Importantly, we are also seeing deeper responses. We are seeing MR4 in 26.5% of the patients, MR4.5 in 20% of the patients. Of course the treatment continues for the majority of patients, two-thirds of the patients continue on therapy so it is possible that these rates will continue to improve over time. Again, there’s a little bit of a difference between ponatinib treated and ponatinib naïve patients.

Overall the treatment has been very well tolerated, very few adverse events that we saw in this study, grade 3 or 4. Perhaps the most common ones were elevation of lipase, it was about 15% of patients who had this, it was usually transient, very manageable with brief treatment interruptions and dose adjustments. Then thrombocytopenia was the only other grade 3 or 4 that reaches more than 10%.
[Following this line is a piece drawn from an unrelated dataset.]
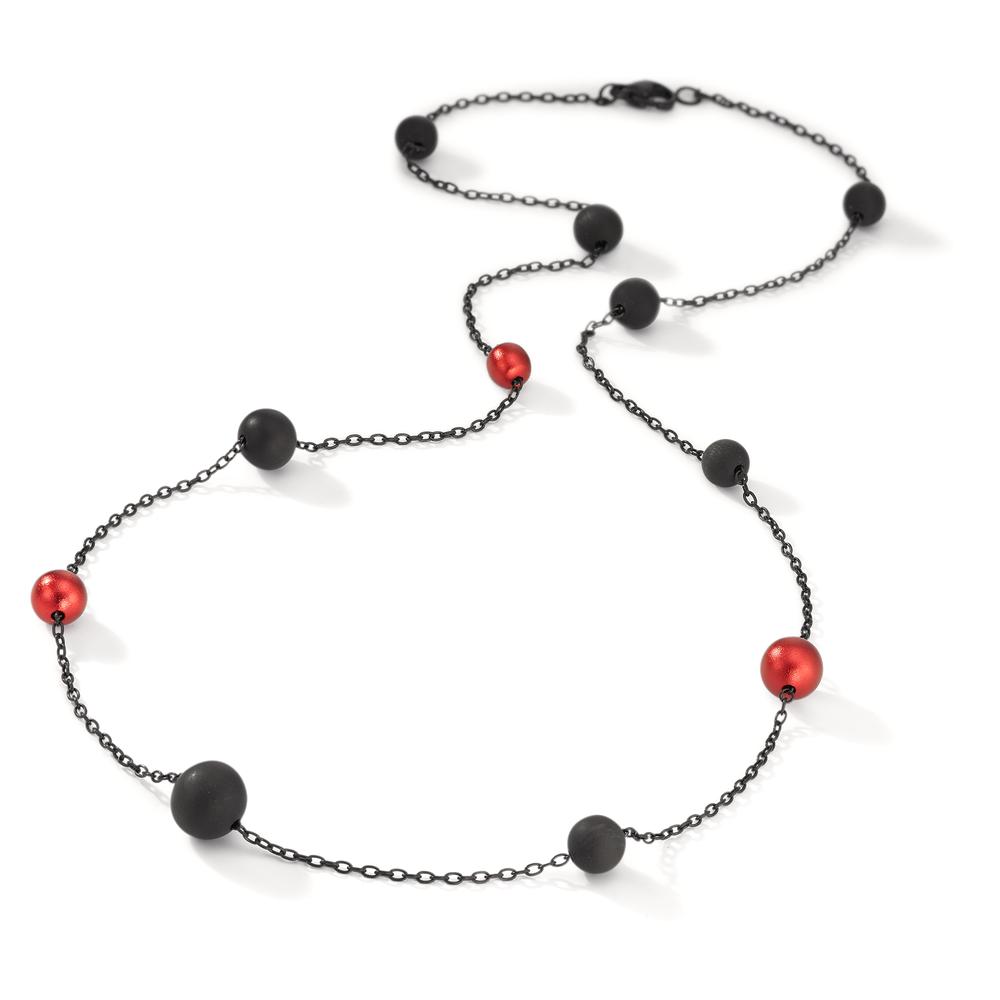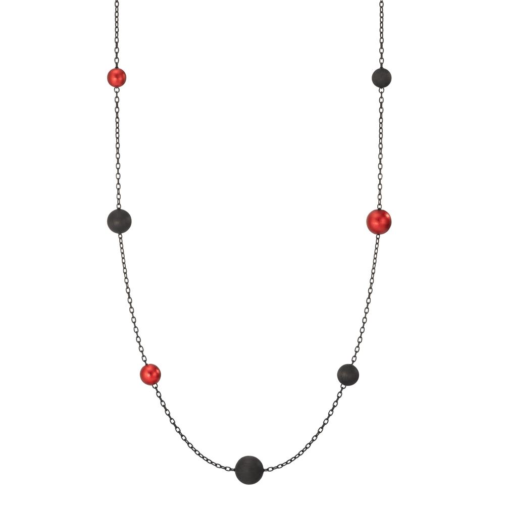 TeNo Halskette Nera aus geschwärztem Edelstahl besetzt mit Carbon- und Aluminium Pearls in Ruby Red

There were a few patients that had some arterial occlusive events. There were three patients that had such events: one had a cerebral vascular event; another patient had both an ischemic stroke and a cerebral ischemia and then a third patient had a peripheral vascular disorder. So these events had happened, now these are patients that have been heavily pre-treated so we need to keep an eye on this. But those are the results that we had on this study.

What are you concluding from these results?
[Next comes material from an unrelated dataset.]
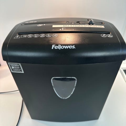 Fellowes 11C makulator i sort plast. Modellen er egnet til makulering af papir og har en smal indføringsåbning i toppen samt betjeningsknap til tænd/sluk og retur. Enheden har integreret opsamlingsbeholder med gennemsigtigt vindue på fronten, så fyldningsgraden kan ses. Makulatoren tilsluttes via netledning og er velegnet til brug på kontor eller hjemme, hvor der er behov for sikker destruktion af dokumenter.

These results show a very active drug in this context. We see a very high response rate, certainly in ponatinib naïve patients, but encouragingly even in ponatinib treated patients. And with a toxicity profile that, so far, and granted follow-up is still relatively short, but the toxicity profile seems to be very, very acceptable. So this promises to be a very good drug to our armamentarium, particularly when we consider that we have only one drug available for T315I. So the drug is not yet approved, we hope that the drug will be approved in the near future but it will be a very welcome addition.

The one thing that I would conclude with is just to emphasise that this is a tyrosine kinase inhibitor but it is one with a completely different mechanism of action. So even though we have a lot of tyrosine kinase inhibitors, we still have some patients with need and having a drug, a first in class of what we call the STAMP inhibitors, is very valuable when we consider those patients that go from one inhibitor to another and have no response and even more for patients with T315I where we just have one drug and some patients end up having to change, either because of efficacy or because of safety. So this is a completely novel agent that is very, very welcome in the clinic.